* Exercise prompt *
Every line from the start of the records below to the line containing "V-Neck Top Tie" should be retyped exactly, that line included, and no others.

[Items listed in a dataset]

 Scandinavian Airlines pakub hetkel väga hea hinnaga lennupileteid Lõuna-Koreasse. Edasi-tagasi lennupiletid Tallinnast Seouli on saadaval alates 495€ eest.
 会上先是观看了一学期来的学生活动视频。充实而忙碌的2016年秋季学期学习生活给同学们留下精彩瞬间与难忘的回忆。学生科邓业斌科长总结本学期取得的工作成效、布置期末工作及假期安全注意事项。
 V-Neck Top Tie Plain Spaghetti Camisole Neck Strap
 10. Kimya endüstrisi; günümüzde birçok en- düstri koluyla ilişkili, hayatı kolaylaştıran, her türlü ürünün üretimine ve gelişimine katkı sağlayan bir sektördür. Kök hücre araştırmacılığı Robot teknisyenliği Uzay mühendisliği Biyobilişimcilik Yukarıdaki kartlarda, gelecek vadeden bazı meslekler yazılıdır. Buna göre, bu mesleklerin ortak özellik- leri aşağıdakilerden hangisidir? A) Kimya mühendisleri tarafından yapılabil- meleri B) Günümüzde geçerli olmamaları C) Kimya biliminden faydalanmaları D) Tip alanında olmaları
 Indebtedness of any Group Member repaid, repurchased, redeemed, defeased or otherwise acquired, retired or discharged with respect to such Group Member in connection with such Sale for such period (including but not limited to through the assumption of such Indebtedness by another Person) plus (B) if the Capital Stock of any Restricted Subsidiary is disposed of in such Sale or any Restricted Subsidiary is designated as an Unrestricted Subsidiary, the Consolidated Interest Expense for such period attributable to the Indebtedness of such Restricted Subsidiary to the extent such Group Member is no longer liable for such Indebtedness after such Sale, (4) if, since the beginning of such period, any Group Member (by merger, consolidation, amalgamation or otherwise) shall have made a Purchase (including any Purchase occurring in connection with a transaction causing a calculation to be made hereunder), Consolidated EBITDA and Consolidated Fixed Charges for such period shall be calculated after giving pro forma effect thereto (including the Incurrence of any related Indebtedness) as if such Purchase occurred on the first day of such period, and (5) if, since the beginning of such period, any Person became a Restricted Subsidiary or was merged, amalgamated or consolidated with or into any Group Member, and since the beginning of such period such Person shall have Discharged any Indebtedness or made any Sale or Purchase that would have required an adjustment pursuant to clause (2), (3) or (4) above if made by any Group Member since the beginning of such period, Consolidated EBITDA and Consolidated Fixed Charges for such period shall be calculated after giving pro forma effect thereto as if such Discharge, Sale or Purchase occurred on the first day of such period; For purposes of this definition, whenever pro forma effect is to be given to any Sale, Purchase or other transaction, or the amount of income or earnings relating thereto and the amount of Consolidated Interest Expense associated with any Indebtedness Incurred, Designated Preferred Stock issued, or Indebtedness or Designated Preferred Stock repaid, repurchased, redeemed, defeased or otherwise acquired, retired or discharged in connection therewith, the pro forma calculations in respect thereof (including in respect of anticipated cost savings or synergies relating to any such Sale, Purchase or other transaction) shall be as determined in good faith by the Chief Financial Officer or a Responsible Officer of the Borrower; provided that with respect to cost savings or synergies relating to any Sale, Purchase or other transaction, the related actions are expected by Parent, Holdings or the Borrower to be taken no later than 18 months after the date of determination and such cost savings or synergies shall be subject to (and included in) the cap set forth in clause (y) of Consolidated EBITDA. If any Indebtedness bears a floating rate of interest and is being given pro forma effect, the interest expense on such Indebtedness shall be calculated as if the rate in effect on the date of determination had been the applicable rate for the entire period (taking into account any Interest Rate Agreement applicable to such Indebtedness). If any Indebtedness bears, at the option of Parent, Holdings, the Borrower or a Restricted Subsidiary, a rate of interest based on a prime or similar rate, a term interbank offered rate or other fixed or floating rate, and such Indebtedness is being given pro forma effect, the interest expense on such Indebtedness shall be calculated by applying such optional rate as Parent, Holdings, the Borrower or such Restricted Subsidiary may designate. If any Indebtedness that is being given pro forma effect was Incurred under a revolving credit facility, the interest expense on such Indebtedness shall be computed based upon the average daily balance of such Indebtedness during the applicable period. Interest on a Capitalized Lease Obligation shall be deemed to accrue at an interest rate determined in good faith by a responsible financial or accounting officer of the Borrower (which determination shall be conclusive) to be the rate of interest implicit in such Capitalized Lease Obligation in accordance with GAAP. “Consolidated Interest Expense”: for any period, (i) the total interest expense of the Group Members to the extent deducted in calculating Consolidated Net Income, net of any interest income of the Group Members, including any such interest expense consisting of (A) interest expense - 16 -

* Completed exercise *
 Scandinavian Airlines pakub hetkel väga hea hinnaga lennupileteid Lõuna-Koreasse. Edasi-tagasi lennupiletid Tallinnast Seouli on saadaval alates 495€ eest.
 会上先是观看了一学期来的学生活动视频。充实而忙碌的2016年秋季学期学习生活给同学们留下精彩瞬间与难忘的回忆。学生科邓业斌科长总结本学期取得的工作成效、布置期末工作及假期安全注意事项。
 V-Neck Top Tie Plain Spaghetti Camisole Neck Strap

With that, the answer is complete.